Dewan Perwakilan Rakyat akhirnya memilih Wahiduddin Adams dan Aswanto sebagai hakim konstitusi. Keduanya figur yang biasa saja. Padahal mereka menduduki posisi penting dan memiliki wewenang besar.
Wahiduddin sebelumnya menjabat Direktur Jenderal Perundang-undangan di Kementerian Hukum. Adapun Aswanto merupakan Dekan Fakultas Hukum Universitas Hasanuddin, Makassar. Mereka adalah dua di antara empat calon yang direkomendasikan tim pakar yang beranggotakan, antara lain, Saldi Isra, Natabaya, dan Ahmad Syafii Maarif
Sulit menilai kinerja tim pakar karena waktu mereka sungguh mepet. Wewenangnya pun terbatas: hanya menyortir dari sebelas calon hakim konstitusi yang telah mendaftar ke DPR. Padahal kualitas para calon yang tersedia umumnya biasa saja. Banyak calon tak memahami hukum tata negara, bahkan istilah yang paling elementer dalam ilmu hukum semacam ultra petita.
Sejumlah calon juga dipertanyakan soal sumber kekayaannya dan integritasnya. Aswanto, yang "hanya" dekan, misalnya, diketahui memiliki "hobi" mengoleksi mobil. Ia mengaku memiliki Mercedes-Benz, Honda CR-V, Honda Freed, dan Daihatsu Terios. Wahiduddin juga diragukan keberaniannya untuk berbeda pendapat dengan Patrialis Akbar, bekas atasannya yang kini juga jadi hakim konstitusi.
Terbatasnya pilihan calon hakim konstitusi merupakan buah dari sistem seleksi yang masih amburadul. Upaya membenahi hal ini, termasuk kriteria calon hakim konstitusi, sebetulnya telah dilakukan lewat Undang-Undang Nomor 4 Tahun 2014 tentang Mahkamah Konstitusi.
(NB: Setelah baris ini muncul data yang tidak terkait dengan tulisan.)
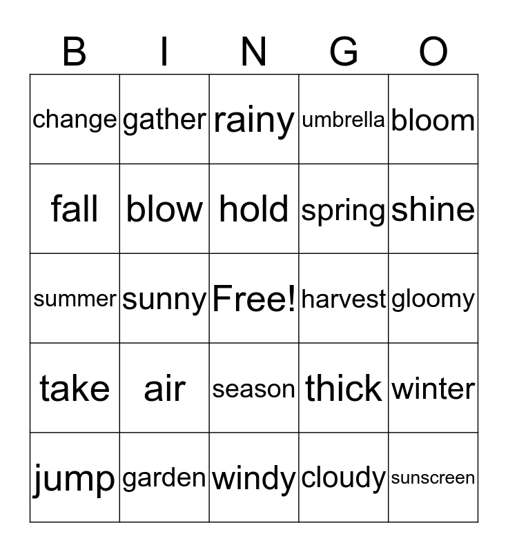 This bingo card has a free space and 24 words: air, garden, hold, jump, bloom, change, fall, gather, harvest, season, spring, summer, thick, winter, blow, cloudy, gloomy, rainy, shine, sunny, sunscreen, take, umbrella and windy.
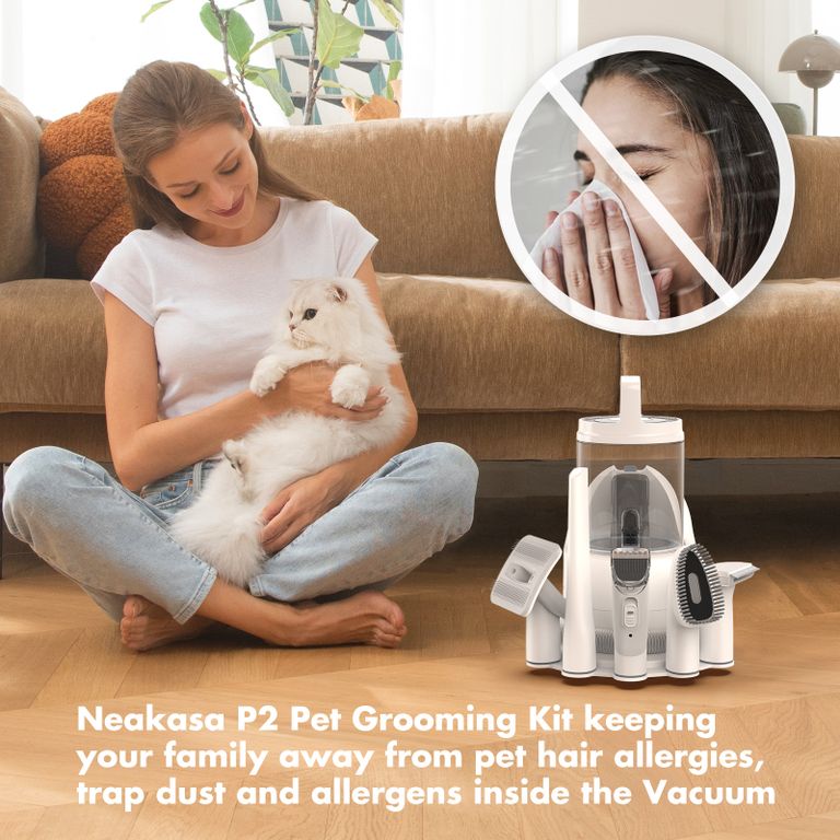 Профессиональный набор для ухода за животными Neakasa P2 Pro (Neabot P2 Pro) с вакуумным всасыванием с емкостью 2 л прост в использовании, эффективен и обеспечивает комфорт вашему питомцу и чистоту в доме без шерсти.Он содержит 5 проверенных насадок для ухода и собирает 99% шерсти домашних животных с помощью встроенного вакуума.
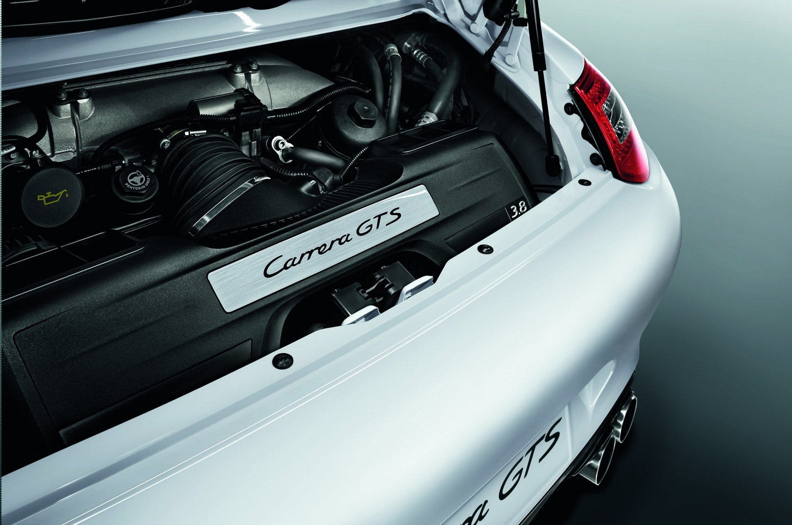 El motor de 3.8 litros ha sido optimizado respecto al Carrera S, entregando ahora esos 408 CV y 420 Nm de par máximo a 4.200 rpm. Además, su sonido todavía estará más logrado, gracias a una nueva cámara de resonancia y a un escape deportivo distinto. Con el tradicional cambio manual de 6 velocidades, el Carrera GTS puede alcanzar los 306 Km/h de velocidad máxima (en circuito o en las autopistas alemanas) y acelerar de 0 a 100 Km/h en 4.3 segundos.
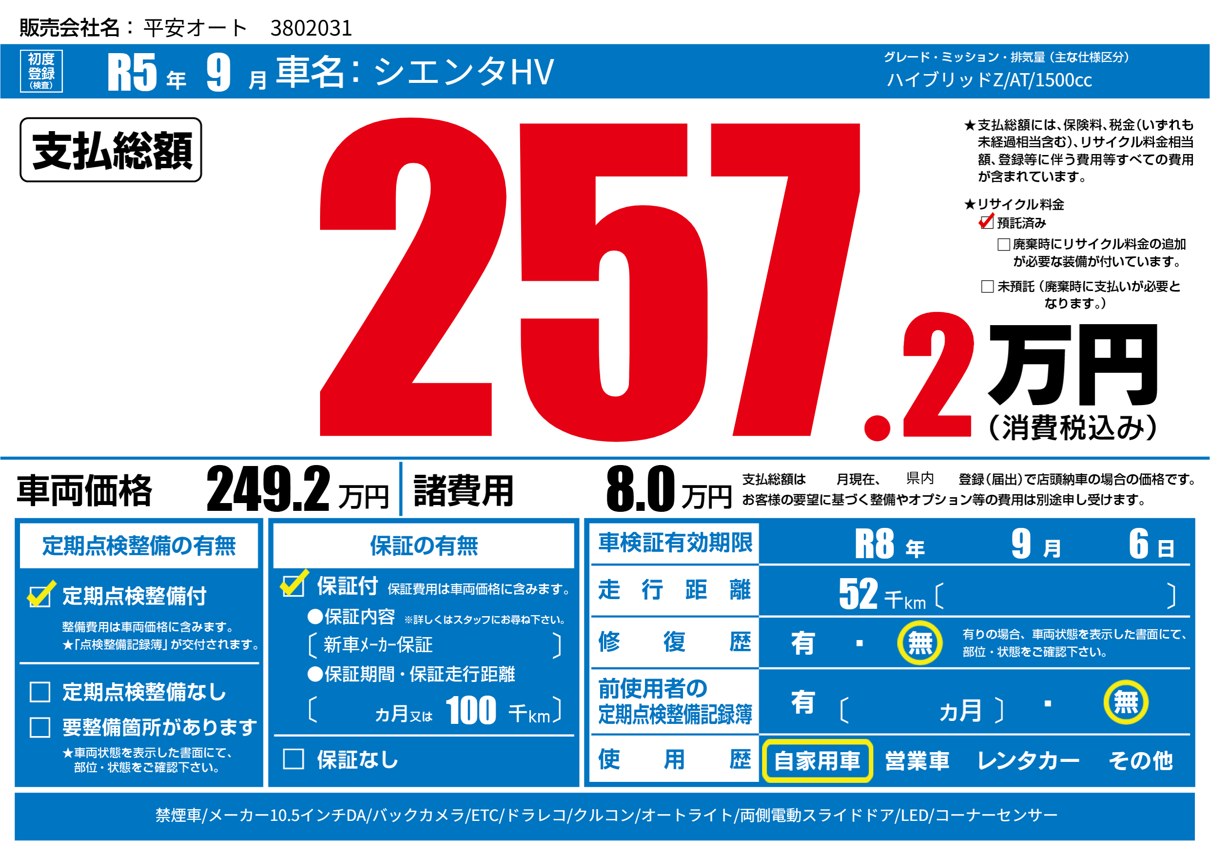 | 車名 | シエンタHV | グレード ミッション 排気量 |

Sayang, undang-undang yang bermula dari peraturan pemerintah pengganti undang-undang ini kemudian dibatalkan oleh Mahkamah Konstitusi sendiri.
Proses seleksi calon hakim MK kini sesuai dengan aturan sebelumnya, yakni diserahkan kepada DPR, Mahkamah Agung, dan pemerintah. Tiga lembaga inilah yang berhak mengusulkan pengangkatan hakim konstitusi. Dewan sebetulnya mulai memperbaiki proses seleksi, antara lain dengan melibatkan tim pakar. Tapi langkah ini tidaklah cukup.
DPR semestinya membentuk tim seleksi dengan masa tugas yang lebih panjang. Tim ini perlu diberi wewenang menjaring secara aktif para figur yang berkualitas dan berintegritas di seluruh penjuru Tanah Air, bukannya menjadi tukang sortir. Hanya dengan cara seperti inilah kita bisa menampilkan hakim konstitusi yang benar-benar mumpuni sekaligus tidak mempan "dibeli".
Dengan kualitas dan integritas para hakim konstitusi sekarang, termasuk dua hakim yang baru terpilih, sulit untuk berharap Mahkamah Konstitusi bisa kembali menjadi lembaga berwibawa. Kasus Akil Mochtar, yang terang-benderang menunjukkan putusan Mahkamah ternyata bisa dibeli, telah membuat wibawa lembaga ini anjlok ke titik nadir.
Tentu, masih tersedia banyak kesempatan bagi Aswanto dan Wahiduddin untuk membuktikan diri sekaligus menjawab segala keraguan itu.